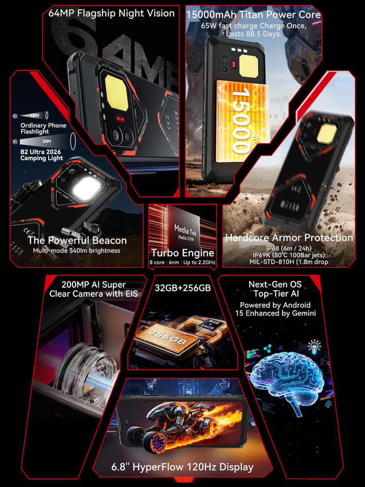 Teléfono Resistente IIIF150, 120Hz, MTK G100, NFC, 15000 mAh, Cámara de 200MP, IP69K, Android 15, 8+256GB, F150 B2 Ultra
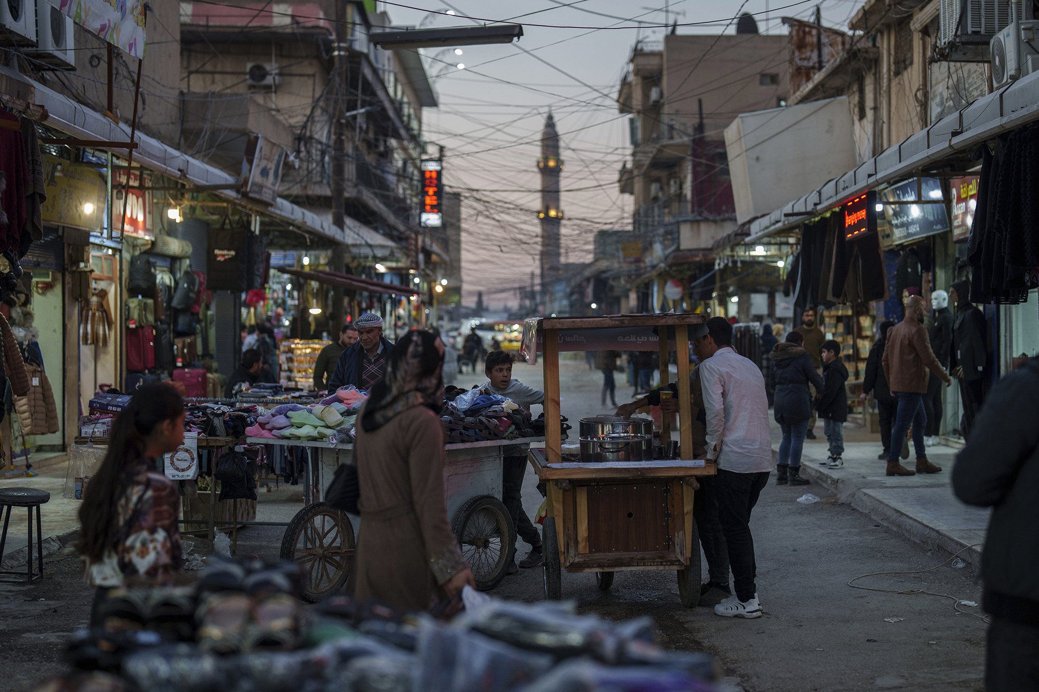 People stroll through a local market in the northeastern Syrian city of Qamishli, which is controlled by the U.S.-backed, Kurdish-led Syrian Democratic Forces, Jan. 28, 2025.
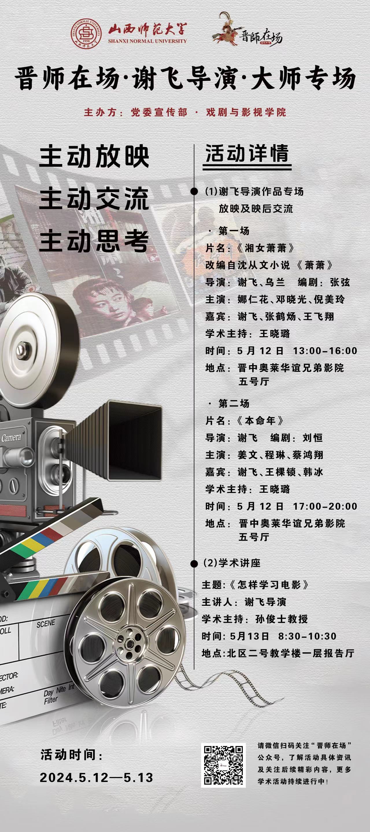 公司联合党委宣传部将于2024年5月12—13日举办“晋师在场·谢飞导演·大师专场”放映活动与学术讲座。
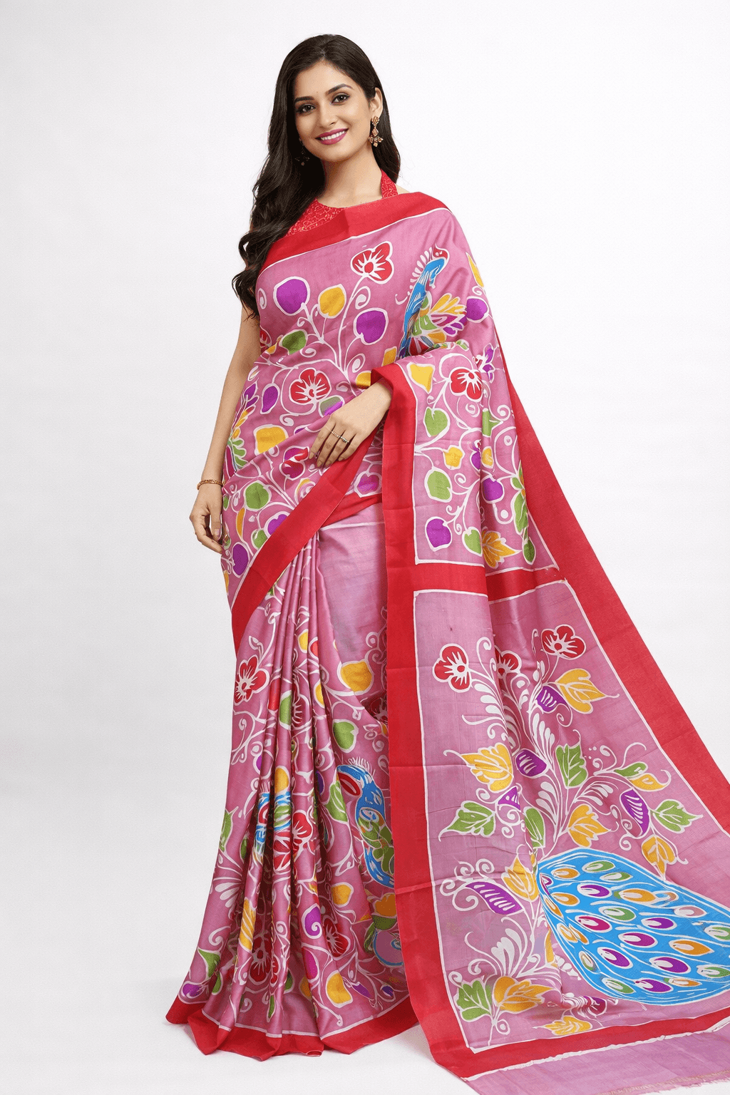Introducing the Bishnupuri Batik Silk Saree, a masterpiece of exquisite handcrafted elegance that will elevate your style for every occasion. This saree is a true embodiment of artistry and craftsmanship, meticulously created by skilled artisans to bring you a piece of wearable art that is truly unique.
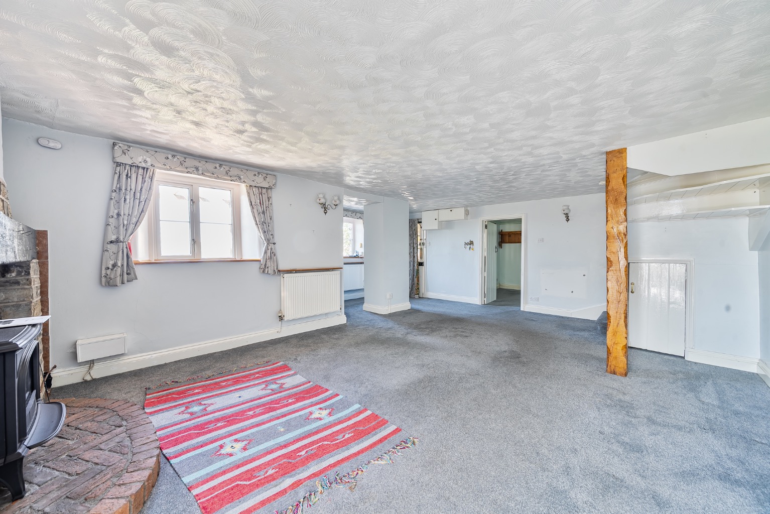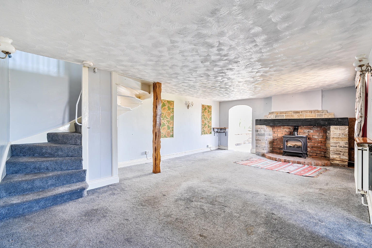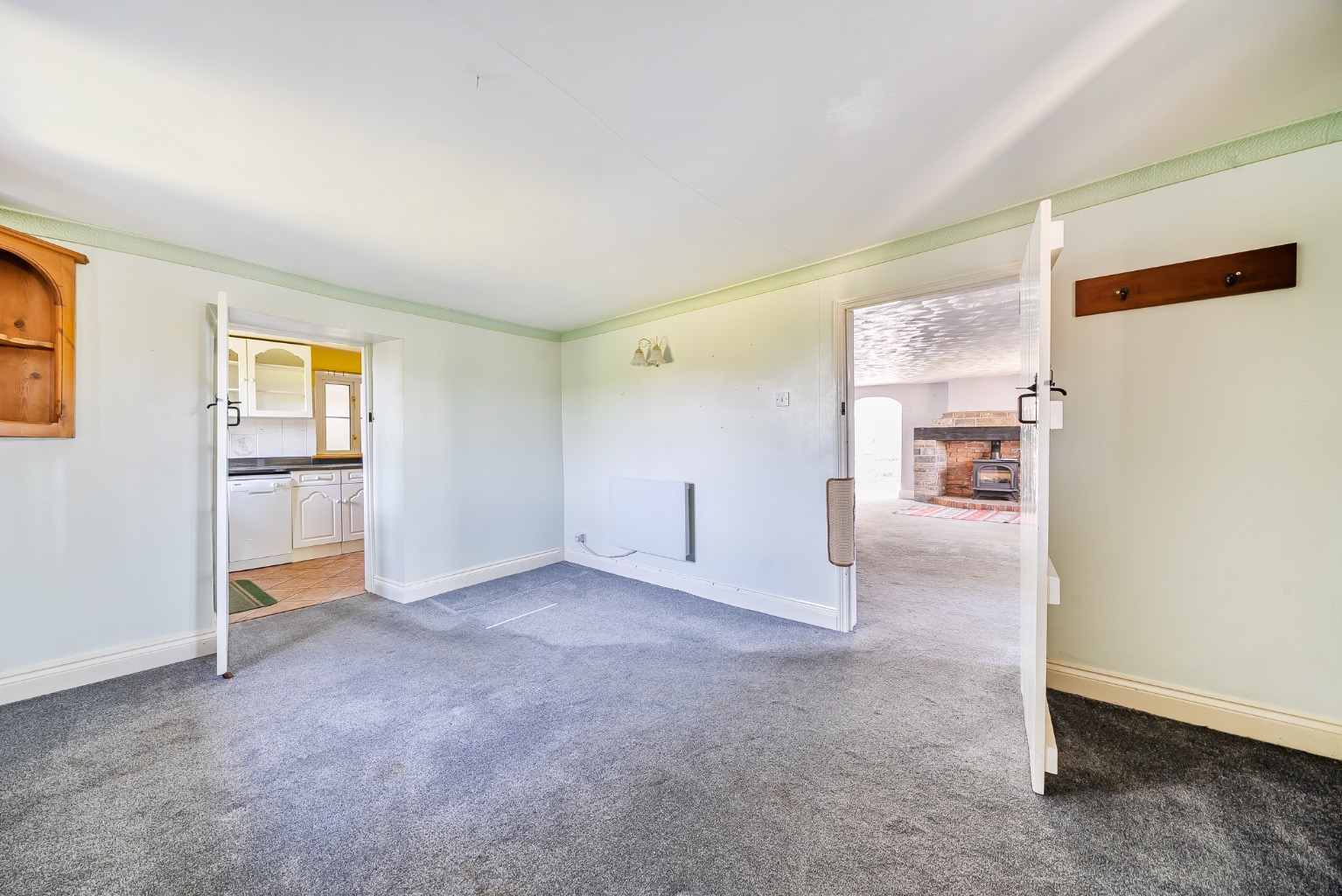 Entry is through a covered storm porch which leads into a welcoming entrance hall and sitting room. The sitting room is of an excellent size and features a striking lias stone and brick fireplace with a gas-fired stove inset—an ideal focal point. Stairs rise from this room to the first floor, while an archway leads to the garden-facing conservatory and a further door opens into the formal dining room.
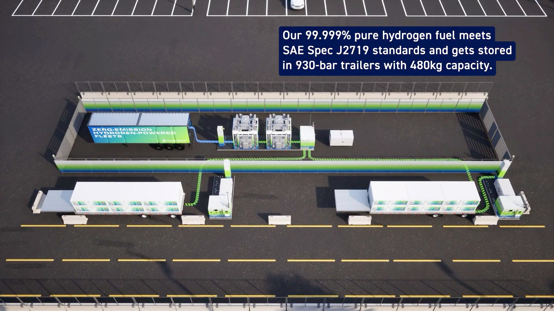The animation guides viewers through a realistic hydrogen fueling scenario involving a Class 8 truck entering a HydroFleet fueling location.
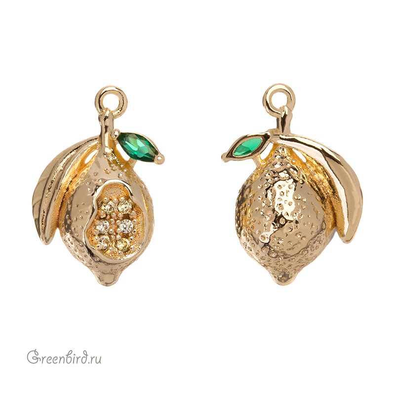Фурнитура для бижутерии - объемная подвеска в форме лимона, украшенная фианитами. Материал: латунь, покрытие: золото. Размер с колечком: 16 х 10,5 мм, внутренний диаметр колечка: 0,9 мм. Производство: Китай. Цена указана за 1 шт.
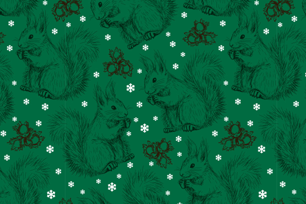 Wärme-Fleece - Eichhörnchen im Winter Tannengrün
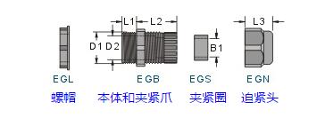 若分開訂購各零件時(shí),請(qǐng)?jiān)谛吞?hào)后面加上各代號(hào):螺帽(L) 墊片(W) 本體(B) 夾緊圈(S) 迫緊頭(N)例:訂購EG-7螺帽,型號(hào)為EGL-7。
--------------------------------
● Brief
What is needed is the exact run of lines from the start of the data through the line with "Introducing the Bishnupuri", both ends included, minus the pictures.

● Worked solution
 Teléfono Resistente IIIF150, 120Hz, MTK G100, NFC, 15000 mAh, Cámara de 200MP, IP69K, Android 15, 8+256GB, F150 B2 Ultra
 People stroll through a local market in the northeastern Syrian city of Qamishli, which is controlled by the U.S.-backed, Kurdish-led Syrian Democratic Forces, Jan. 28, 2025.
 公司联合党委宣传部将于2024年5月12—13日举办“晋师在场·谢飞导演·大师专场”放映活动与学术讲座。
Introducing the Bishnupuri Batik Silk Saree, a masterpiece of exquisite handcrafted elegance that will elevate your style for every occasion. This saree is a true embodiment of artistry and craftsmanship, meticulously created by skilled artisans to bring you a piece of wearable art that is truly unique.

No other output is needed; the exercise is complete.